A dataset of reconstructed marriage histories (RMH) was created using data from the 2006 and 2010 waves of the MLSFH. Only marriages that began before the 2006 survey and were reported in either 2006 or 2010 were included in this dataset. To create the RMH, I first matched marriages across surveys for all respondents who reported marriage histories in both survey waves. Because names tend to be spelled differently across survey waves, mostly due to the interpretation of the interviewer, marriages were visually matched on a case-by-case basis. Spouse name was the primary criteria used to verify that a marriage listed in 2006 corresponded to a marriage listed in 2010. With few exceptions, spouse names were similar enough to match without difficulty. I also used marriage dates to verify matches. If a marriage began before the 2006 wave and was not reported in both 2006 and 2010, then it was coded as an “unmatched” marriage. If a marriage began before the 2006 wave and was reported in both survey waves, then it was coded as a “matched” marriage. I dropped 74 respondents for whom I could not match any marriages. That is, these respondents did not report any of the same spouses in 2010 as in 2006, raising suspicions as to whether the MLSFH interviewed the same respondent in both waves.
If reports of marriage histories were consistent across surveys, they were included in a reconstructed marriage history (RMH).

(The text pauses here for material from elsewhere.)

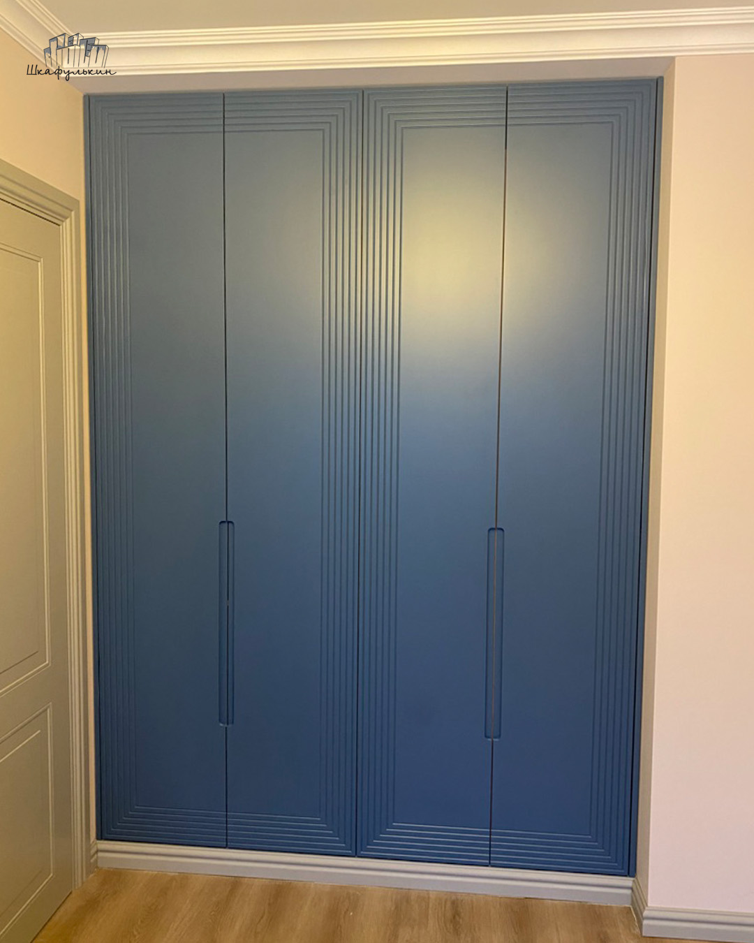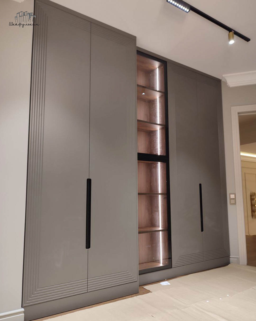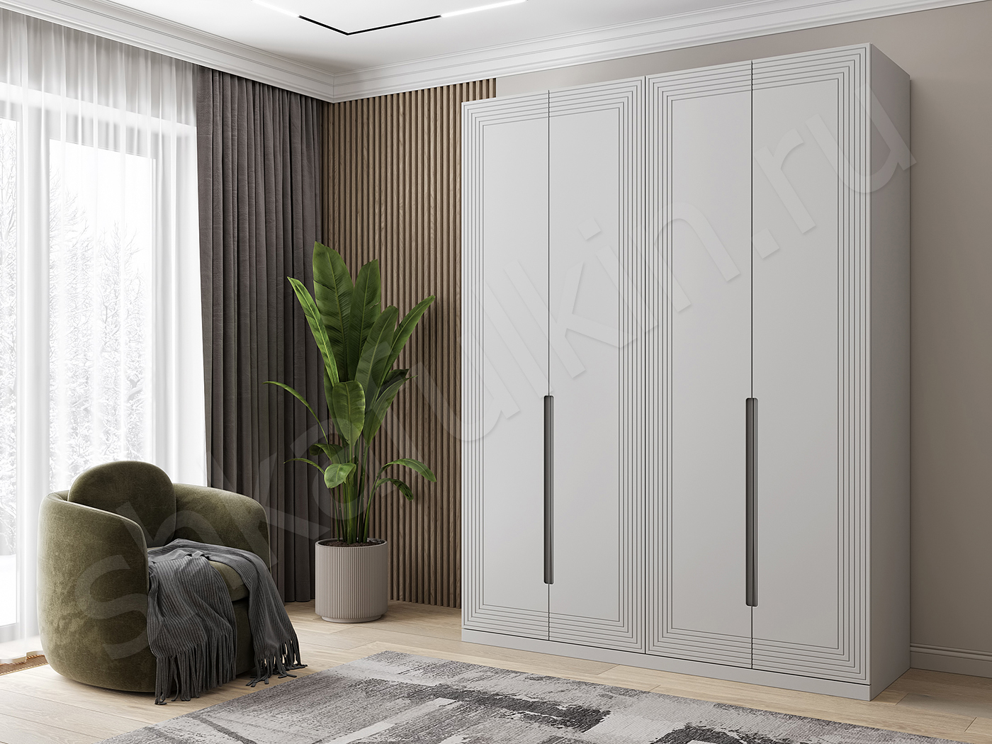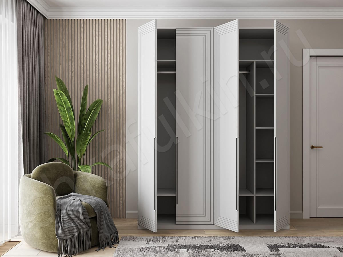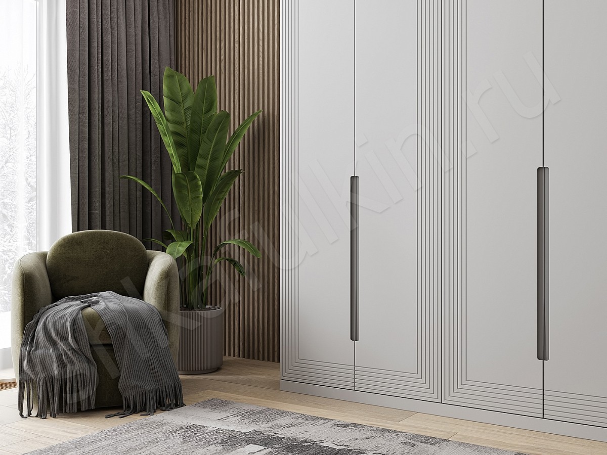 Шкаф «Сильвер» с линейной фрезеровкой и интегрированной ручкой будет главным акцентом вашего интерьера.
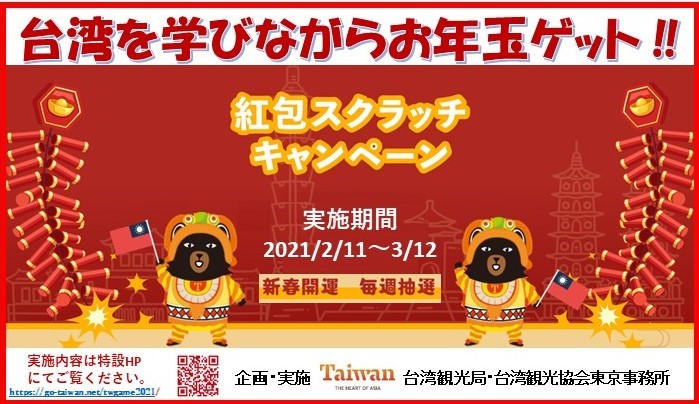今年2021年の春節元旦は、2月12日(金)でした。家族団欒で過ごす伝統的な春節ですが、多くの人が新春に宝くじを買って、運試しを行います。そこで台湾観光局東京事務所より春節にちなんで、「手遊び台湾」シリーズとして2021年2月11日(木・大晦日)から3月12日(金)まで、1ヶ月の期間限定で、開運チャレンジとして、お年玉プレゼントが貰えるオンラインスクラッチゲーム『紅包(ホンバオ)スクラッチキャンペーン~台湾を学びながらお年玉ゲット』を開催いたします!

If a marriage was reported in only one survey, it was also included in the RMH. If a marriage was reported in both surveys (i.e., the same spouse was listed by name in both surveys), but dates or other characteristics were reported inconsistently, then information provided in the earlier survey was used, if reported by the respondent. Reports become less reliable as the reported events took place further back in time (Sudman et al. 1996) and the marriage in question would have happened closer in time to the earlier survey. If a respondent reported “don’t know”, then data from the later survey were used (if this information was reported). The reconstructed marriage histories produced the following indicators for each marriage: marriage order (first, second, third, etc.), year marriage began, status of marriage at interview (still married, separated/divorced2, widowed), and year marriage ended.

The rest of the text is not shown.